Incoming Senate Majority Leader Mitch McConnell, R-Ky., has said a unilateral move by the president would "poison the well" for the prospect of a comprehensive immigration bill making it through the next Congress. House Speaker John Boehner, R-Ohio, said the president was playing with matches and he was "going to get burned."

Or, as Rep. Mario Diaz-Balart, R-Fla., one of the strongest supporters of plans to grant citizenship to undocumented immigrants, put it: "It would be like pulling the pin off a hand grenade and tossing it into the middle of the room."

But the options to stop the president are limited.

There's impeachment. Some, like Rep. Joe Barton, R-Texas, have said they have to consider impeaching the president if he follows through. Since an impeachment requires a two-thirds vote in the Senate, the chances of that happening are small.

There are the courts. Boehner said over the summer that he was planning to sue the president in federal court on the basis that he's violating the Constitution with his executive actions addressing education, energy, health care, foreign policy and immigration.There is little precedent for such a move, and Boehner has not yet filed a complaint.

And then there's the budget. The federal government's funding expires on Dec. 11, so lawmakers will spend the week after Thanksgiving crafting either a long-term budget or another continuing resolution to keep the government funded.

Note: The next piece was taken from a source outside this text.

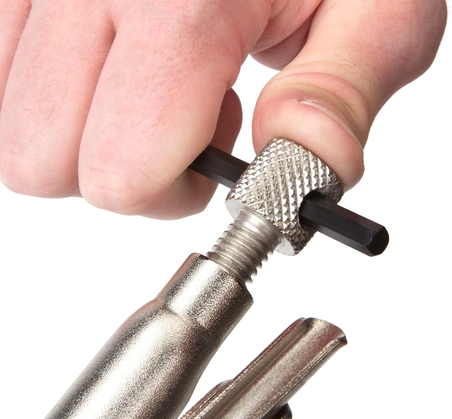 Tensioning Through-HoleCreate a T-handle by inserting a screwdriver or hex key into the hole in the adjustment knob. With this extra leverage, you can lock the pliers onto the workpiece and gradually add or release tension to fine tune the clamping force. |
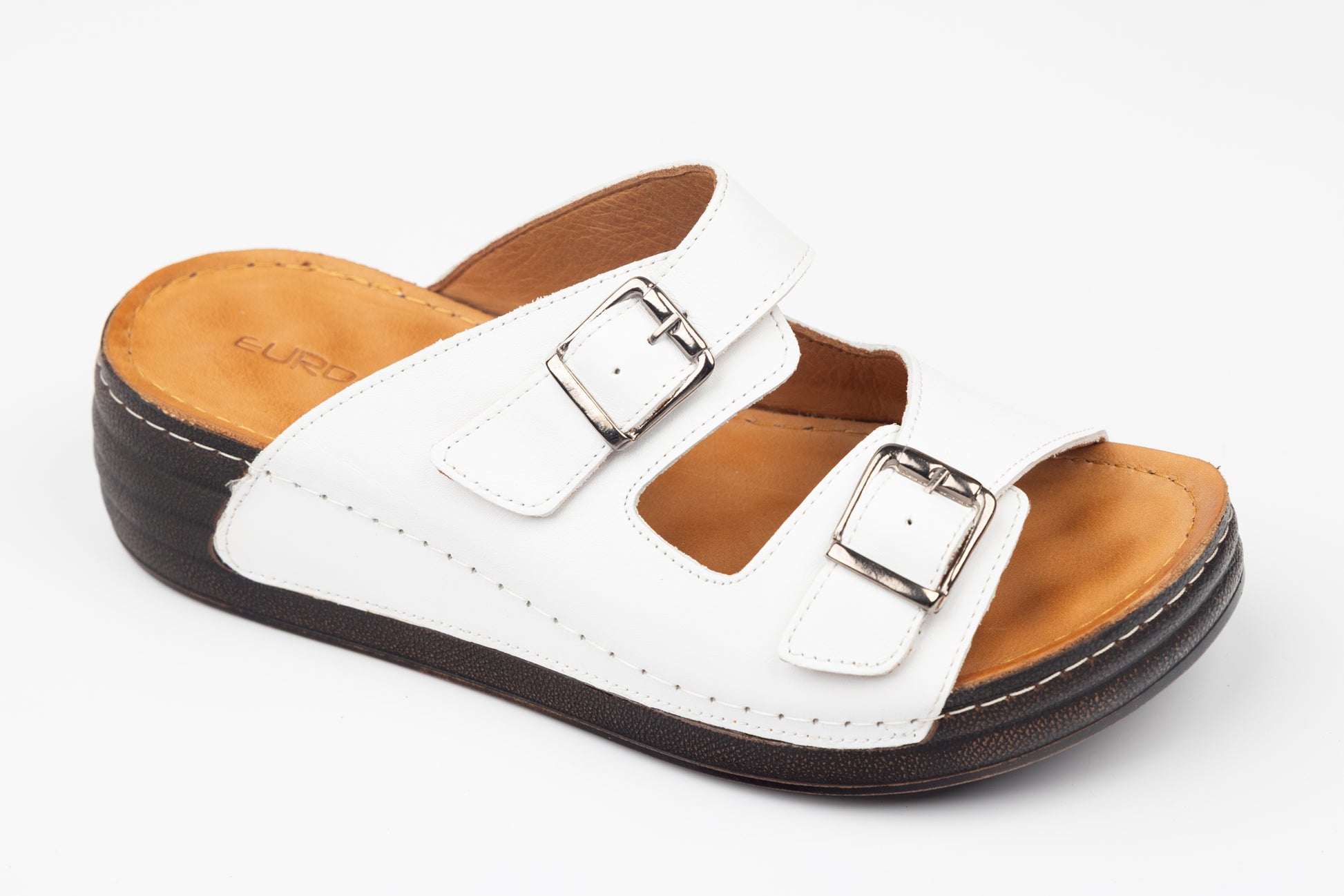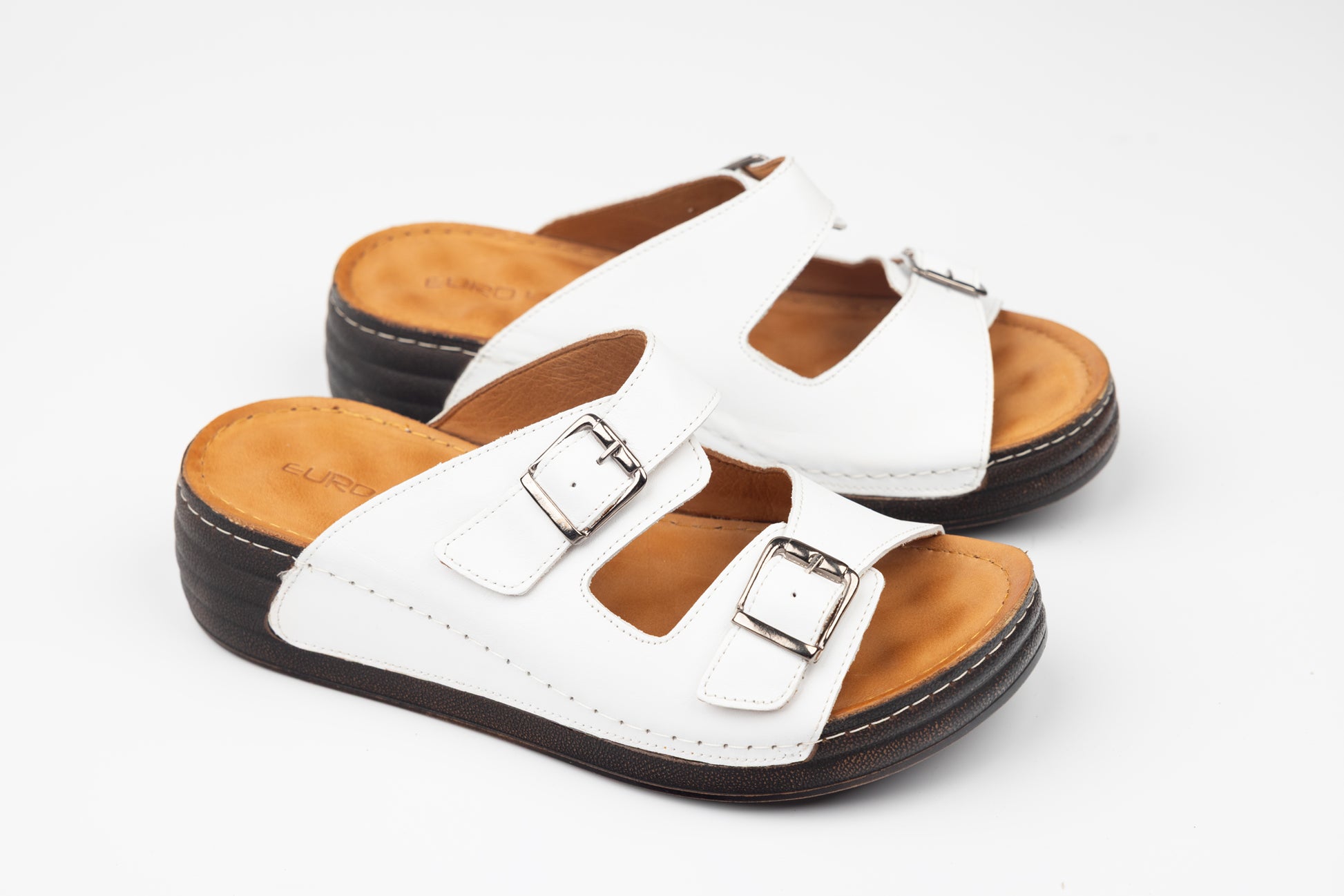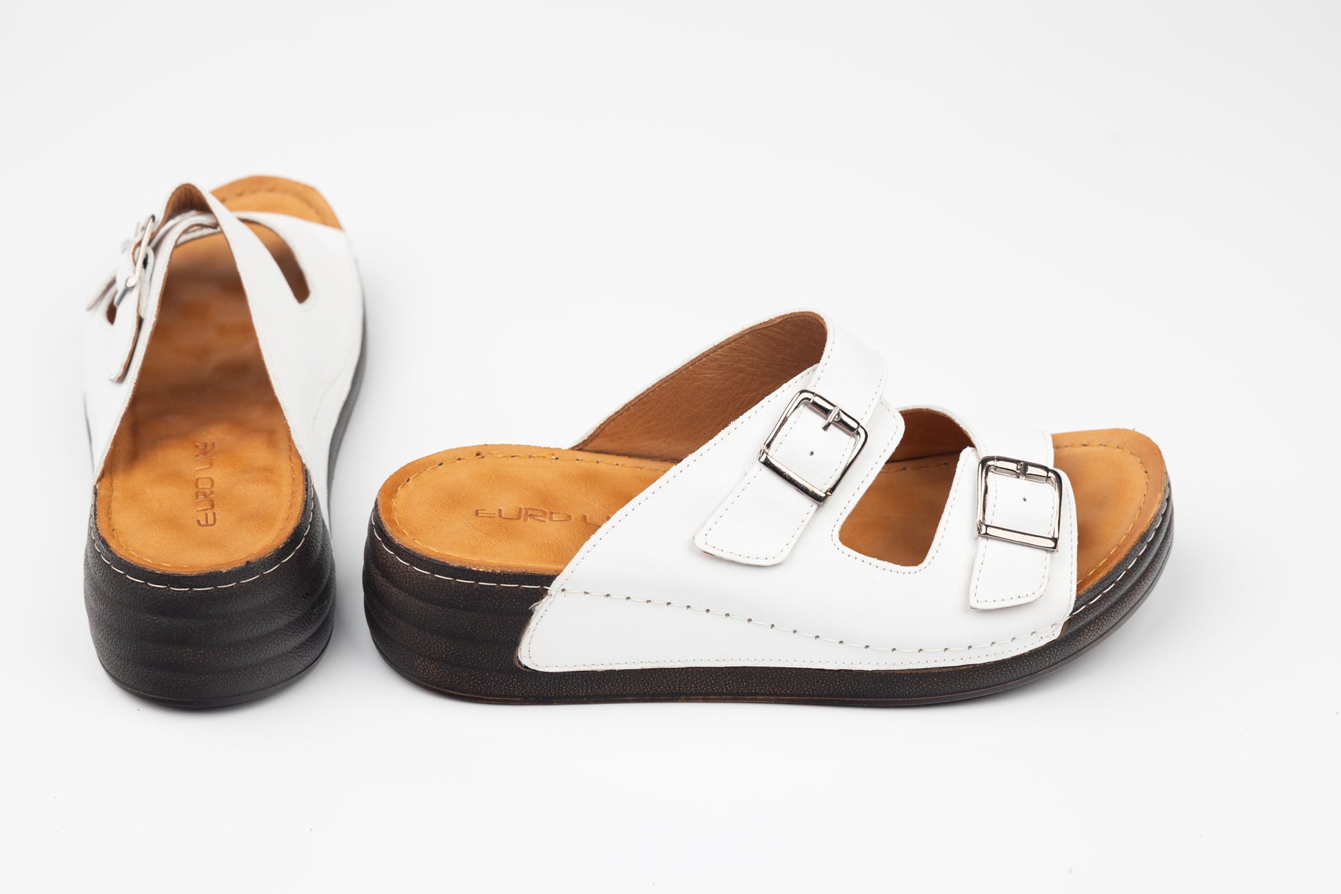 Șlapi dama LSD din piele naturala cu talpa groasa ortopedica captusite la interior cu piele naturala. Inclinatia lina a piciorului in aceste sandale face mult mai comoda purtarea lor un timp indelungat fiind recomandate chiar si pentru picioare cu mont pentru ca le acopera in intregime. Greutatea unui singur picior este de 150 grame. Mărimi de la 36 pana la 42.

Six GOP senators, including Sen. Ted Cruz, R-Texas, and 62 Republican members of the House, led by Rep. Matt Salmon, R-Ariz., have signed letters calling on congressional leaders to use that budget debate to de-fund the president's order. Formally legalizing millions of undocumented immigrants requires federal workers to spend time and money on the process, and these Republicans want to craft budget bills that expressly forbid money being used to implement the president's order.